# Raw data:
###

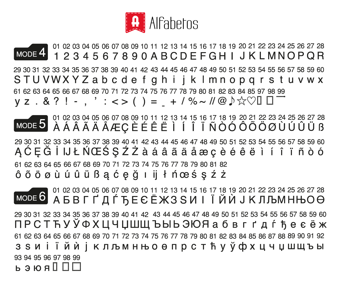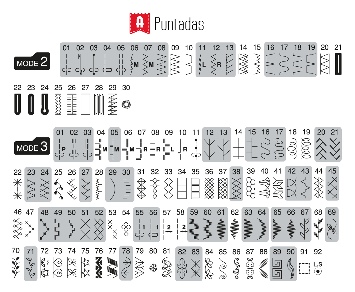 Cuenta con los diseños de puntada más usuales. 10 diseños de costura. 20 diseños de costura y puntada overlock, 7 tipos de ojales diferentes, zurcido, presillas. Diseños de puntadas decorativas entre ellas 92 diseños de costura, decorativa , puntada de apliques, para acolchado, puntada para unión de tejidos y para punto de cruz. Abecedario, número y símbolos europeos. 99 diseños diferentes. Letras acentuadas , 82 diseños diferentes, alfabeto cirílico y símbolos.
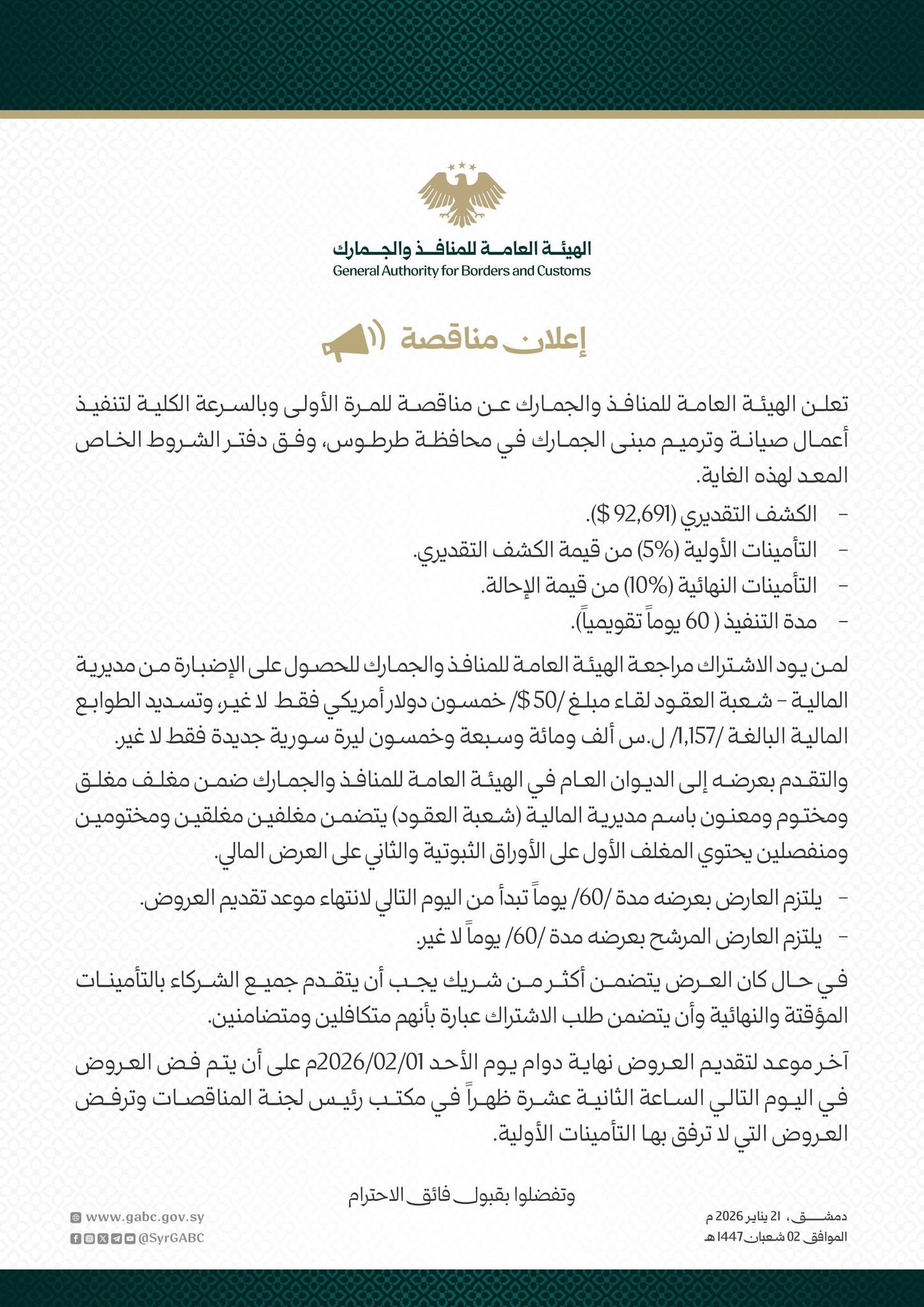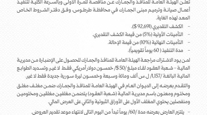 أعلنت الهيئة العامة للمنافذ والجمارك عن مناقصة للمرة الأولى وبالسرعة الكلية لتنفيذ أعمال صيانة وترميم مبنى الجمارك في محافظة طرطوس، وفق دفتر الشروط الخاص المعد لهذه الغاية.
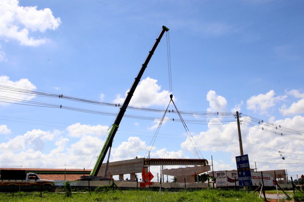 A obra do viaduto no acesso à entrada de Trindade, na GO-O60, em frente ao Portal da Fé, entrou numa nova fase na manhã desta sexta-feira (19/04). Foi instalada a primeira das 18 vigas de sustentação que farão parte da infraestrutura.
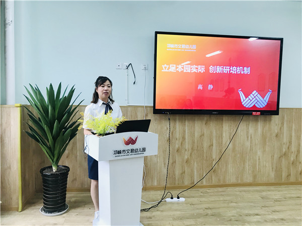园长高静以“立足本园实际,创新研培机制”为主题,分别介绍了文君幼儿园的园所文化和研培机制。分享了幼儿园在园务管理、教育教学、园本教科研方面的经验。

###

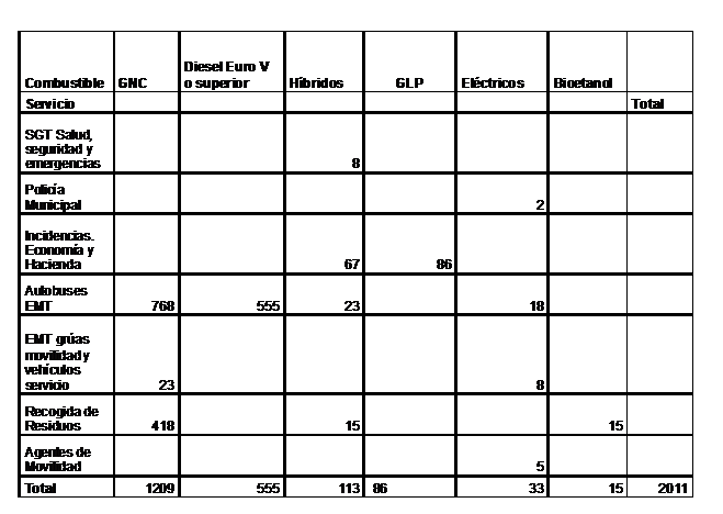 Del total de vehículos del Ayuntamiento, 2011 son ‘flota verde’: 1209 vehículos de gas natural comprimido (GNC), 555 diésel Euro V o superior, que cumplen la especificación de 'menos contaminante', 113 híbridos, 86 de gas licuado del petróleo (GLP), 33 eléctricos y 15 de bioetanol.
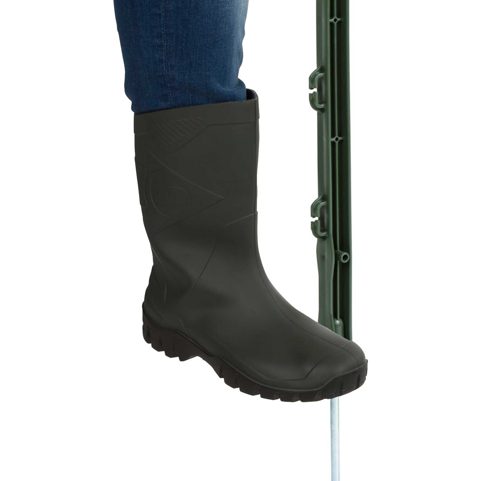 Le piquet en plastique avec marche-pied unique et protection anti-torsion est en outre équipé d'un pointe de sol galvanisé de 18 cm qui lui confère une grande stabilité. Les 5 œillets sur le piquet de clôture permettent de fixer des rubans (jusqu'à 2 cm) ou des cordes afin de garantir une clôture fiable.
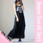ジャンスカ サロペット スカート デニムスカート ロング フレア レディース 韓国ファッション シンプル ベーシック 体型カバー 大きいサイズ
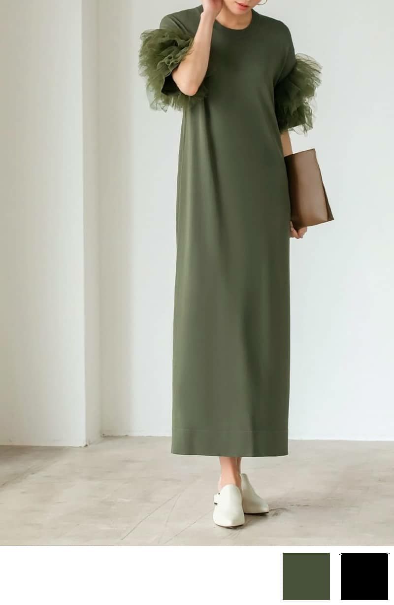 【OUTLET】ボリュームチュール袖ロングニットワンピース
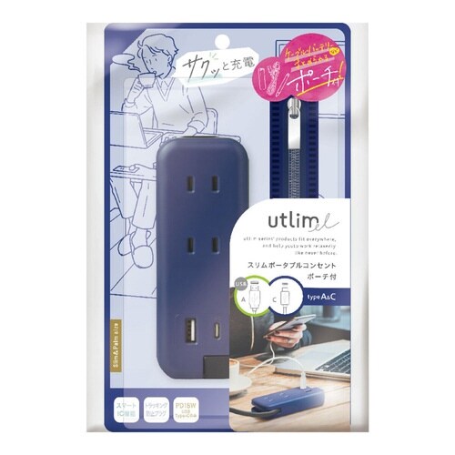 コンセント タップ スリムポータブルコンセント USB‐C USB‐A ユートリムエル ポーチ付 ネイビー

###

# Action item:
Of the lines above, copy only those from the one holding "ジャンスカ サロペット スカート" to the one holding "コンセント タップ スリムポータブルコンセント", both included, and exclude every image.

# Solution for this problem:
ジャンスカ サロペット スカート デニムスカート ロング フレア レディース 韓国ファッション シンプル ベーシック 体型カバー 大きいサイズ
 【OUTLET】ボリュームチュール袖ロングニットワンピース
 コンセント タップ スリムポータブルコンセント USB‐C USB‐A ユートリムエル ポーチ付 ネイビー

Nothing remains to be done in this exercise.